Grand malaise à l’Université Paris-Saclay, où le président Macron et la ministre Frédérique Vidal participent à une table ronde avec des étudiant.es, bien sûr un peu trié.es sur le volet. Pendant ce temps bâtiments universitaires et routes sont bouclés, les manifestants éloignés et encerclés. Voir ci-dessous le communiqué CGT, FSU, SUD éducation, SUD Recherche de l'Université Paris-Saclay et ICI une version plus détaillée avec quelques photos. Les libertés sont une fois de plus confisquées et dans le cas présent les otages d’une entreprise de com’ qui vire au fiasco, pour ne pas dire à la farce. Attention : vous allez rire et pleurer. Peut-être un rire nerveux et des pleurs de colère. La politique de Macron appartient à un très mauvais théâtre de l’absurde, qui vire à la tragédie. Ou une tragédie qui vire à l'absurde. Nous ne savons plus très bien, mais nous y sommes, et jusqu'au cou.
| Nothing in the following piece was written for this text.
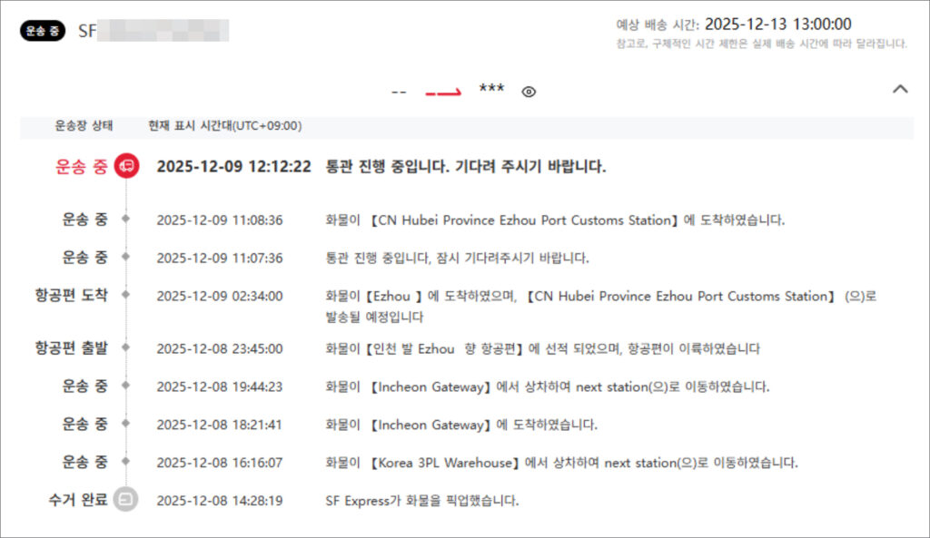 이후 sf express 배송조회로 운송중 상태, 현재 표시 시간대의 운송장 세부 정보를 볼 수 있었으니 궁금하신 분들은 확인해 보시면 될 거예요.

Il est 13h15. Je tente de déjeuner entre deux visioconférences et quelques coups de fil urgents au sujet de collègues universitaires qui ne vont pas bien. On m’alerte par sms : Macron et Vidal à la télé ! J’alume le téléviseur, l’ordinateur sur les genoux, le portable à la main. La condition ordinaire du citoyen télétravailleur. La ministre parle aux étudiant.es. On l’attendait à l’Université de Strasbourg ce matin avec son ami Blanquer, pour les Cordées de la réussite, mais le déplacement en province du ministre de l'Education nationale a été annulé. Une lettre ouverte sur la question a circulé. La ministre est donc à Saclay. Que dit-elle ? Je prends des notes entre deux fourchettes de carottes râpées :
« Le moment où le décret sort, il faut que ce soit au moins la veille du jour où les choses sont mises en place. » Là, je manque de m’étouffer, mais dans un réflexe salutaire je parviens à appuyer sur la touche « Enregistrement ». L’aveu est terrible, magnifique. Du Vidal dans le texte. Je pense à Jarry. Je pense à Ionesco. Je pense surtout aux dizaines de milliers de personnels des universités qui, à dix reprises depuis le début de cette gestion calamiteuse et criminelle de cette crise, se sont retrouvés vraiment dans cette situation : devoir appliquer du jour au lendemain le décret ou la circulaire de la ministre. Samedi et dimanche derniers, des centaines de collègues à l’université de Strasbourg et des milliers partout en France ont travaillé comme des brutes pour « préparer » la rentrée du 18. Le décret date du 15 et a été publié le 16 ! Des centaines de milliers d’étudiants paniquaient sans information. Criminel !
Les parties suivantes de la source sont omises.